__What is being asked__.
Write out the data that follows exactly, keeping every picture out.

__Input data__.
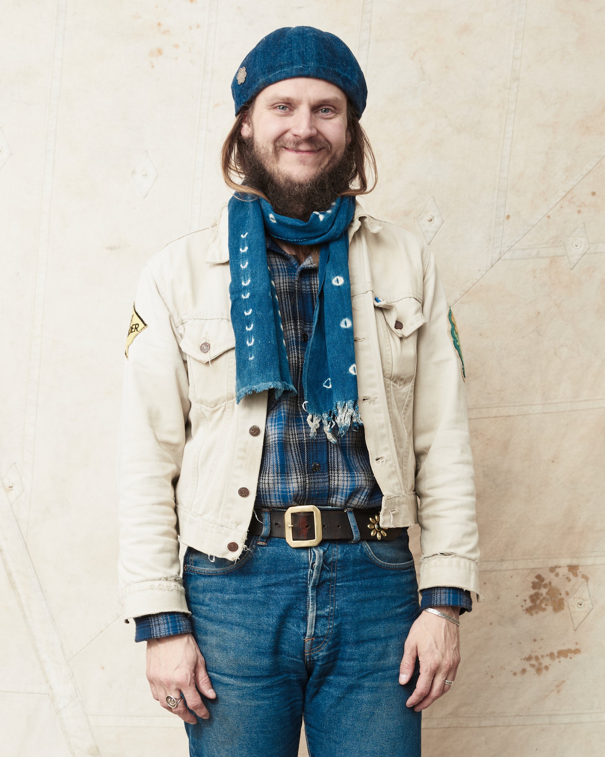 The pattern on this one is made using a stitch resist dye technique were the pattern is made by sewing rows of stitches in the fabric before it is dyed in indigo.
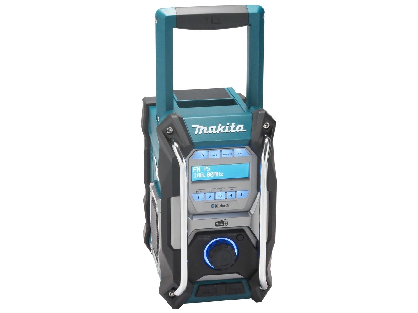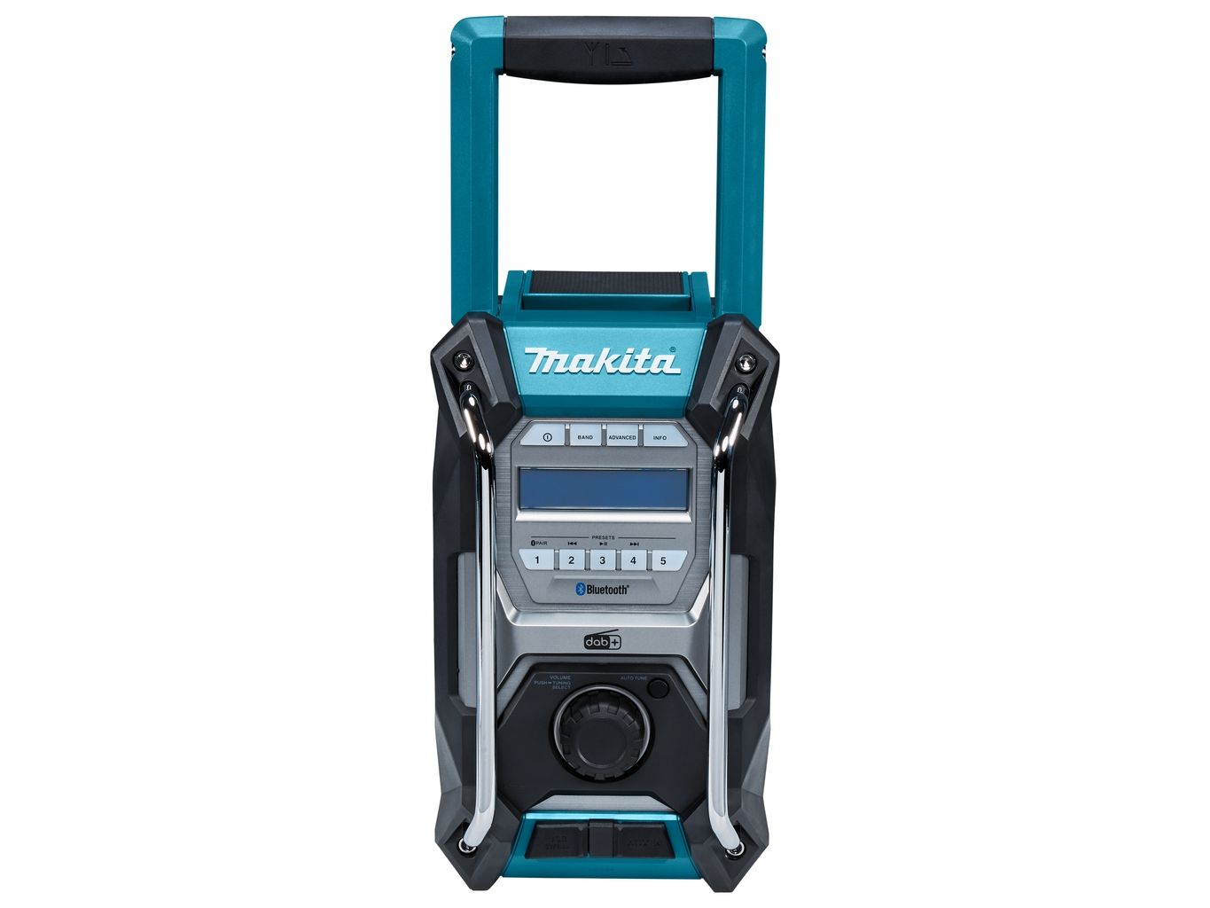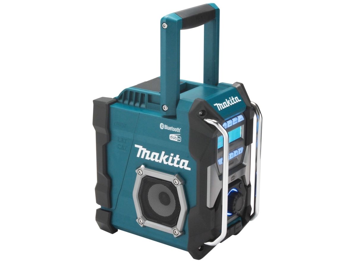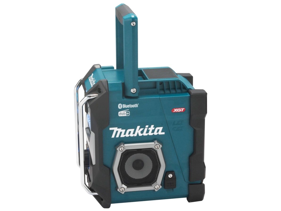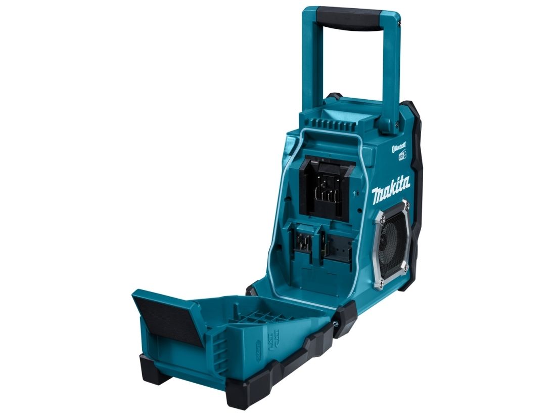 Cordless construction site radio with protection against dust and splash water on all sides (IP64) and two powerful 89 mm loudspeakers. Runs on all CXT 12 V max., LXT 18 V and XGT 40 V max. (XGT up to max. 4.0 Ah) battery packs or the mains adapter supplied. With DAB+/FM reception, AUX-in, Bluetooth and USB connection with 2.4 A output. Five presets each for DAB+/FM.
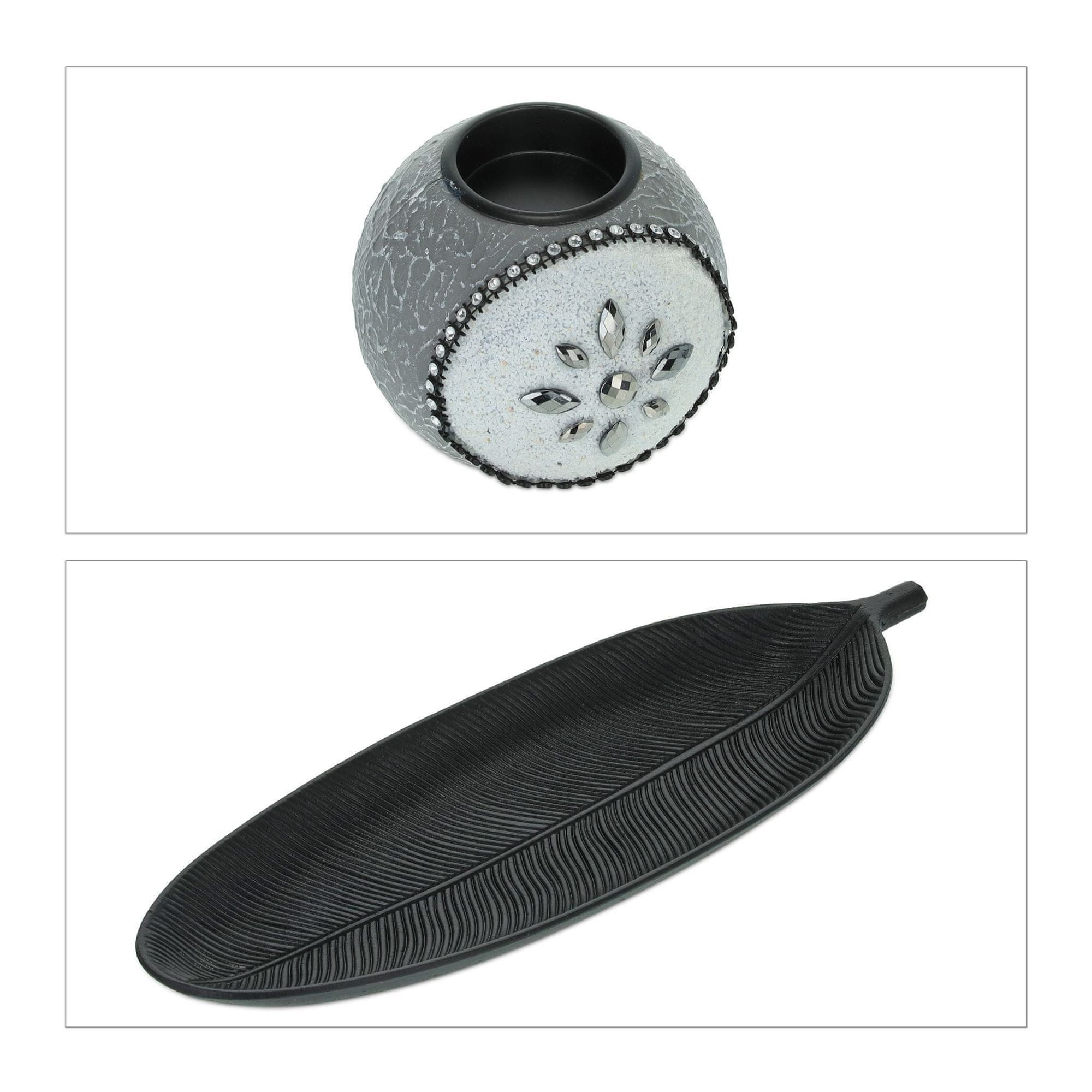 Northio Svečnik za čajne svečke kovina steklo 40x10 cm črn
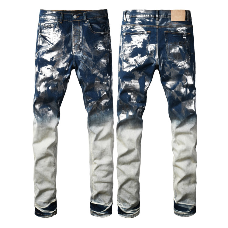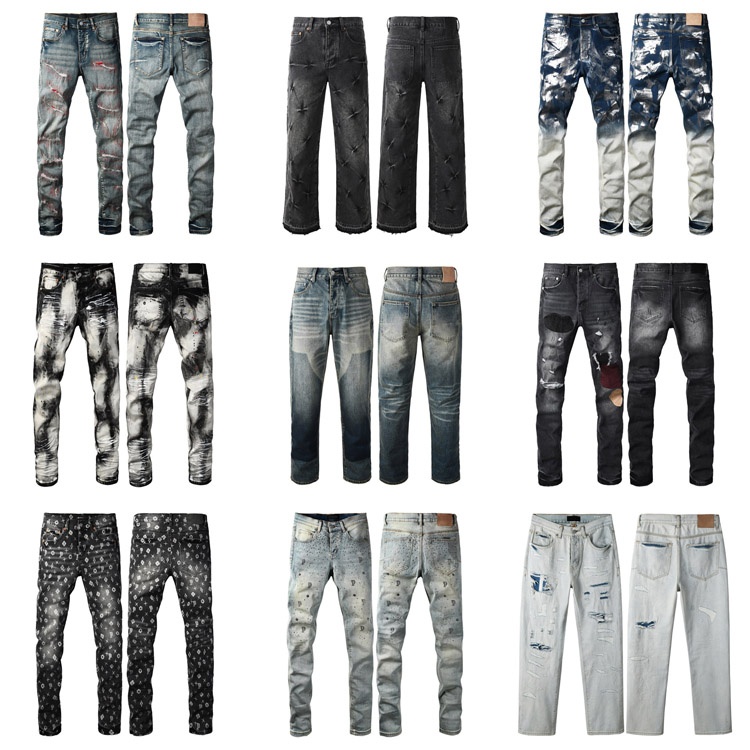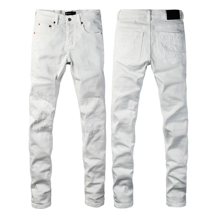 Purple Brand new embroidered slim-fit ripped print stretch jeans-4250

__Task response__.
 The pattern on this one is made using a stitch resist dye technique were the pattern is made by sewing rows of stitches in the fabric before it is dyed in indigo.
 Cordless construction site radio with protection against dust and splash water on all sides (IP64) and two powerful 89 mm loudspeakers. Runs on all CXT 12 V max., LXT 18 V and XGT 40 V max. (XGT up to max. 4.0 Ah) battery packs or the mains adapter supplied. With DAB+/FM reception, AUX-in, Bluetooth and USB connection with 2.4 A output. Five presets each for DAB+/FM.
 Northio Svečnik za čajne svečke kovina steklo 40x10 cm črn
 Purple Brand new embroidered slim-fit ripped print stretch jeans-4250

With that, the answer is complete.